Groove depth and width are essential measurements for accurately calculating erosion volume. To ensure quality control of these measurements, manual on-site measurements using a measuring stick were compared to the depth and width of grooves in the UAV DEM and orthoimage. The measuring points were located in six fields, with Field 1 being a potato field with bare soil and Fields 2, 3, 4, 6, and 8 being cornfields with bare soil or sparse vegetation. In total, 48 and 44 points for groove depth and width, respectively, were recorded. The precise location of the measuring points is essential due to the partly immense heterogeneity in different parts of the grooves. Thus, the positions of the on-site measurements were recorded using the GNSS receiver ‘Trimble R6’. As mentioned before, an accuracy of ≤1.4 cm of the position was possible. With the RTK system of the UAV, this point can be accurately represented in the UAV DEM with erosion.

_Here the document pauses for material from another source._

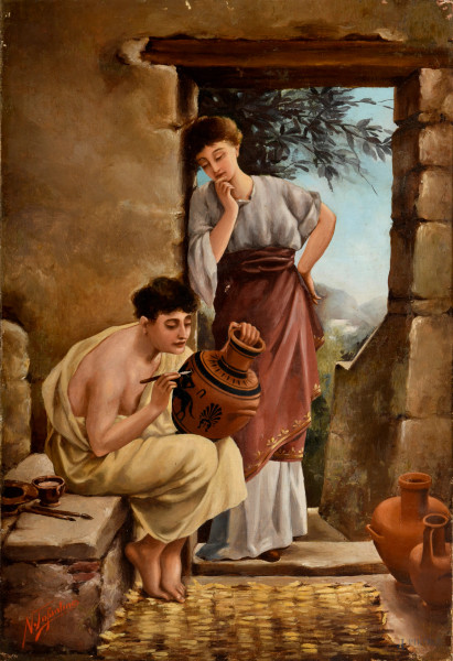 Arricchito da dettagli cesellati e applicazioni in bronzo dorato a motivo fogliato e rocaille. Il piano presenta una placchetta ovale dipinta, raffigurante un paesaggio con uccelli in volo, incastonata in un coperchio che rivela un vano foderato in tessuto. Gmbe tornite e scanalate, collegate da crociera sagomata con elemento centrale decorativo.

The groove width and depth were determined from cross sections in the DEM at the measuring points of the manual measurements.
3 Results and discussion
3.1 UAV-generated DEM accuracy due to tillage and water surfaces
The analysis of investigations on arable land with bare soil (Fields A–C) produced results regarding the i) reproducibility of UAV flights, ii) accuracy of the UAV DEM with and without GCPs, and iii) influence of tillage. Investigations of standing water in Field D produced results regarding iv) accuracy of recorded water surfaces and vegetation, and v) accuracy of photogrammetry in 2D and 3D modes.
Reproducibility.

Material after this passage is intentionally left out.